A atriz, arte-educadora e “artivista”, Ticiane Simões utiliza sua arte como ferramenta de “diálogo, de guerra e de ponte”, tudo para driblar os obstáculos do machismo e dar voz às mulheres.
“A arte pode tudo, embora não seja seu papel poder. Acho que eu a uso como ponte para a abertura de diálogo, acho que é o diálogo que conscientiza, a arte que pratico, é mera ferramenta para ele, é como eu sei fazer, é o que tenho para usar e uso demasiadamente sempre que posso”, diz ela.
Ticiane acredita que sua arte sempre esteve atrelada a suas vontades, a busca por um lugar melhor para si e para seus pares. Cultivando em si mesma o poder trazido pela força da ancestralidade, a artista revela que lê sobre mulheres que a antecederam e, mesmo conseguindo sentir as angústias e violências sofridas, também consegue enxergar avanços e se apegar às possibilidades de entregar para próxima geração um passo mais adiante.
Quem também vive os desafios de ser uma mulher transfeminista é a atriz e escritora Isis Florescer. Ela tem semeado ensinamentos sobre letramento de gênero, visando educar e conscientizar para o respeito, a cidadania e a equidade, emancipando a sociedade para uma convivência pacífica.
De acordo com Isis, mesmo lidando com lutas constantes, felizmente as novas pesquisas têm incentivado e mostrado que muitas mulheres artistas contribuem historicamente no desenvolvimento das artes.
“Presenciamos, no último século 20 e agora no século 21, uma expansão das questões de gênero sendo debatida nas artes, pois a mulher passou a protagonizar os processos e os meios de criação. Deixou de ser apenas uma ‘musa inspiradora’ e passou a se engajar em todo o sistema da criação. Quando uma mulher ocupa um papel de relevância no segmento artístico, ela, por si só, já abre caminhos para que as questões de gênero venham para o centro do debate”, destacou.

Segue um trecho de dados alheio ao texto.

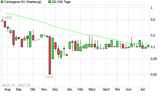 Mit dem Rücksetzer auf 0,11 EUR hat die Centogene-Aktie am 15.07.2025 die 200-Tage-Linie nach unten gekreuzt.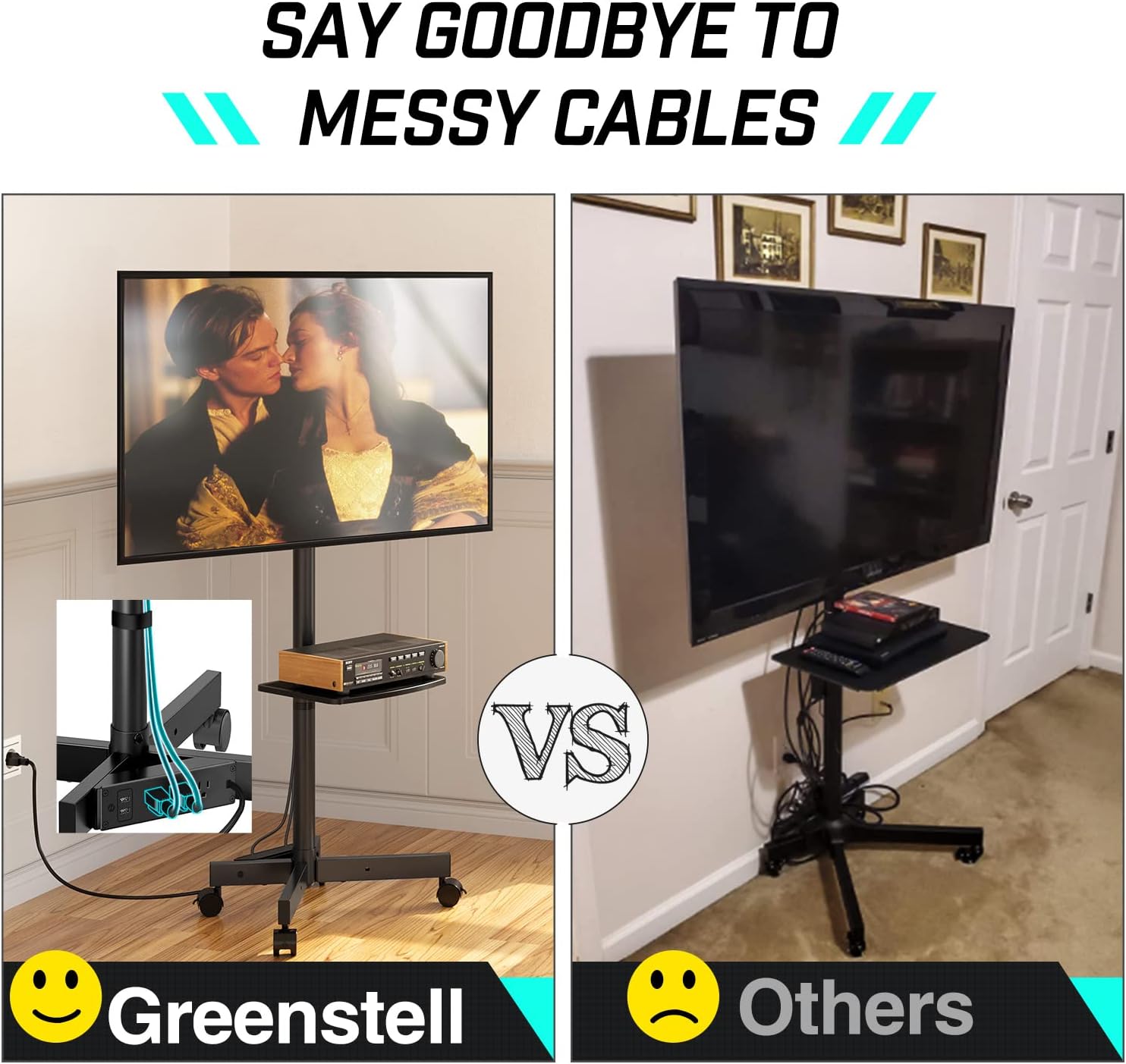 - Toma de corriente y gestión de cable: el soporte de TV portátil Greenstell está equipado con 3 tomas de corriente alterna, 2 puertos USB y cable de alimentación de 6.5 pies de largo. Además de 3 gestiones de cables para mantener los cables organizados y ordenados. No más cables desordenados o cables enredados

Fundadora do Ateliê Ambrosina, artista visual e realizadora audiovisual, Bruca Teixeira vem através da arte proporcionando ações artísticas que vão além do cunho estético e promovem reflexões a partir das perspectivas de mulheres e pessoas LBTs.
“Minha arte vem de um ‘artivismo’, que é uma arte que movimenta o pensamento crítico, que de alguma maneira é atravessada por uma vontade de uma equidade de gênero e de visibilidade de questões que são muito caras para gente, que atravessam nossos corpos, como, por exemplo, a gordofobia, a lesbofoia, a questão das mulheres idosas e muito mais”, explicou.
Bruca afirma que a arte é uma revolução em sua vida e que, por meio dela, é possível desconstruir as corporalidades, os gêneros e construir novas narrativas, além de apresentar um novo modelo de mulher, gênero e sexualidade dentro do debate contemporâneo.
“Os espaços já são e estão sendo ocupados pela rebeldia de todas as mulheres que, durante muito tempo, ficaram fora da história da arte e dos espaços públicos de poder. A equidade de gênero dentro das artes, principalmente das visuais, que sempre tiveram como destaque os homens brancos e da elite, é algo que sempre nos foi silenciado e que nos importa, além de ser um grande vetor de mudança”, continua Bruca ela.
“Todo homem deve estar envolvido na quebra do machismo no nosso cotidiano, mas falar sobre isso em um lugar de poder e visibilidade, não. Esses lugares de fala devem ser ocupados por nós!”, conclui.